Dear Editors,

We read with interest the article by Dr. Blumfield et al. [1] in the March 2019 issue of Pediatric Radiology on MR signal intensity changes and tissue gadolinium (Gd) retention, with emphasis on pediatric patients. On page 454 the authors reported the results of a study by Bussi et al. [2], making the following statement: “A recent study by Bussi et al. [68] compared the three macrocyclic agents Dotarem, ProHance and Gadovist in rats that were sacrificed 28 days following multiple administrations of one of these GBCAs. The authors found significantly lower concentrations of gadolinium in rats injected with Dotarem when compared to the other two agents, in the cerebrum, cerebellum, femur and renal tissues.” Later, on the same page, the authors stated the following: “Furthermore there are differences between macrocyclic agents that are related to their chemical stability, with a higher clearance rate of Dotarem, which is ionic and hence more stable than ProHance and Gadovist.” These statements are factually incorrect.

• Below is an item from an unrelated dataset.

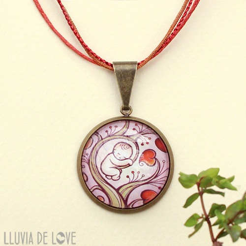 Imagen de 25x25 mm protegida por cabujón de cristal. Cordón de algodón 45 cm aprox. con cierre de mosquetón. Tono bronce antiguo. No mojar. Los tonos de la ilustración en el colgante pueden variar ligeramente respecto a los mostrados en tu pantalla.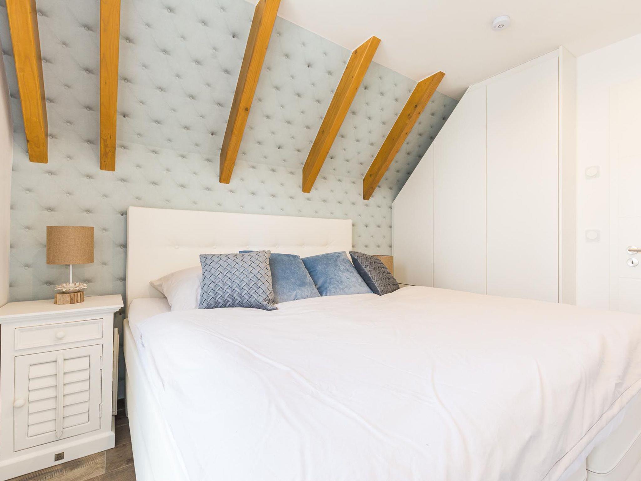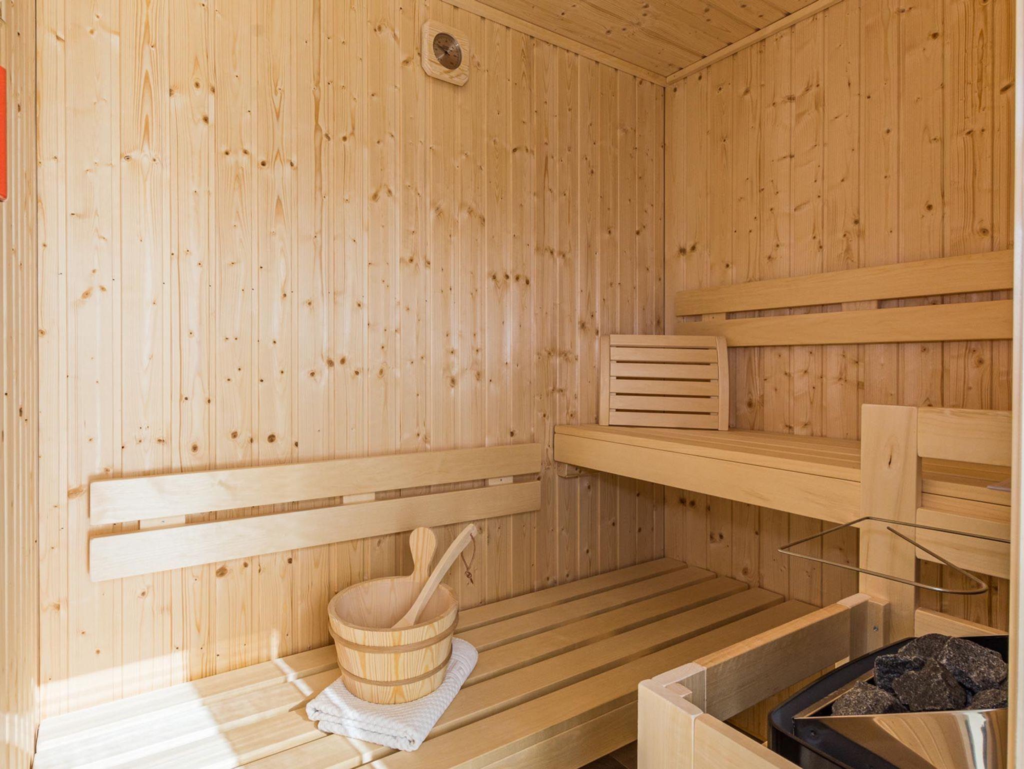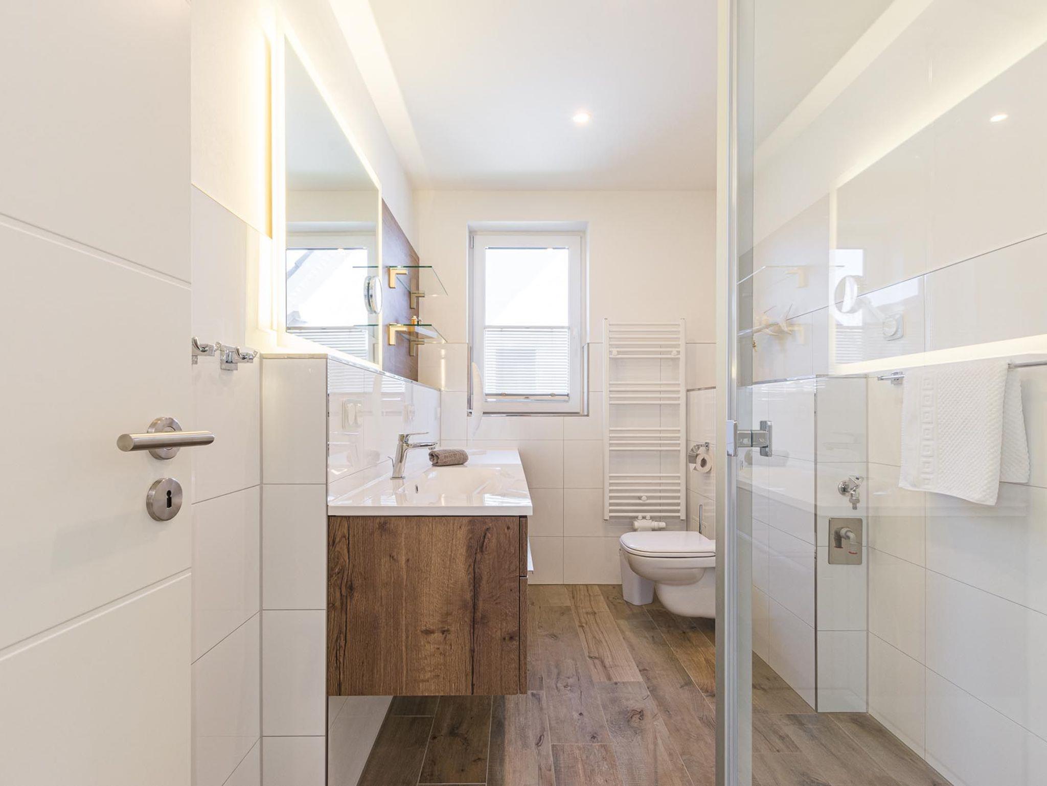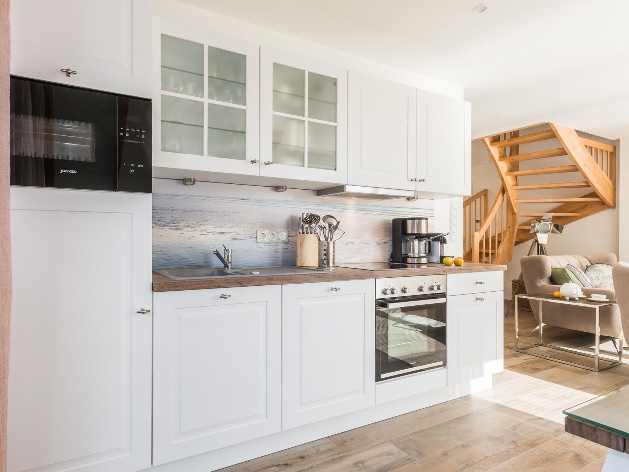 Der offene Wohn-Essbereich ist geräumig und mit hochwertigen Möbeln ausgestattet. Die Küche lässt keine Wünsche offen - Backofen, Mikrowelle, Geschirrspüler u.v.m. Einen gemütlichen TV-Abend genießen Sie auf der modernen Sitzgarnitur. Auf dem nach Süd-West aufgerichteten Balkon genießen Sie die Abendsonne und lassen den Tag ausklingen. Das Schlafzimmer ist mit einem hochwertigen Boxspringbett ausgestattet. In das Dachgeschoss gelangen Sie über eine offene Holztreppe. Hier erwartet Sie ein weiteres Highlight: eine Sauna mit Ruheraum, Dusche und direktem Zugang zur 2. Terrasse. Ebenso auf der Etage ist das 2. Schlafzimmer mit 2 Einzelbetten (Boxspringbetten) und Flatscreen-TV sowie das 2. Bad mit WC.

In the study in question, Bussi et al. [2] made 20 repeated administrations of ProHance (gadoteridol; Bracco Diagnostics Inc., Milan, Italy), Dotarem (gadoterate meglumine; Guerbet LLC, Villepinte, France) or Gadovist (gadobutrol; Bayer, Leverkusen, Germany) to rats (15/group) and then determined gadolinium levels in the cerebrum, cerebellum, liver, kidneys, skin and blood by inductively coupled plasma-mass spectrometry (ICP-MS) after a 28-day recovery period. Contrary to the statement of Dr. Blumfield et al. [1], Bussi et al. showed significantly lower levels of gadolinium in all soft-tissue organs after the cumulative administration of ProHance than after Dotarem or Gadovist: 0.150±0.022 vs. 0.292±0.057 and 0.287±0.056 nmol/g, respectively (P<0.001), in the cerebellum; 0.116±0.036 vs. 0.250±0.032 and 0.263±0.045 nmol/g, respectively (P<0.001), in the cerebrum; 25±13 vs. 139±88 (P<0.01) and 204±109 nmol/g (P<0.001), respectively, in the kidneys. Significantly (P<0.001) higher gadolinium levels were noted in the femur with Gadovist (8.60±2.04 nmol/g) compared to Dotarem (5.69±1.75 nmol/g) while the mean value for ProHance (7.48±1.37 nmol/g) was only marginally significantly higher than the mean value for Dotarem (P<0.05).

It is worth emphasizing that other authors have similarly found lower levels of gadolinium in rat brain and body tissues after administration of ProHance compared to Dotarem and Gadovist, particularly in the first days and weeks after administration, indicating a more rapid clearance of ProHance than Dotarem or Gadovist [3, 4]. The differential clearance appears to reflect differences in the specific molecular properties of the agents rather than any effect of stability [5]. If animal studies are to be taken as indicative of the situation in humans, as Dr. Blumfield et al. [1] implied, then it is worth noting the vast differences in time-scale between the two species, with 1 rat year corresponding to approximately 30 human years [6]. This means that gadolinium levels measured at 28 days after the last contrast administration in the study by Bussi et al. [2] would equate to almost 2.5 years in human terms. This might be particularly relevant for MRI of pediatric subjects.

In conclusion, Dr. Blumfield et al. [1] have misunderstood the results of the study by Bussi et al. [2] and need to correct and clarify their statements to avoid misinformation and misinterpretation.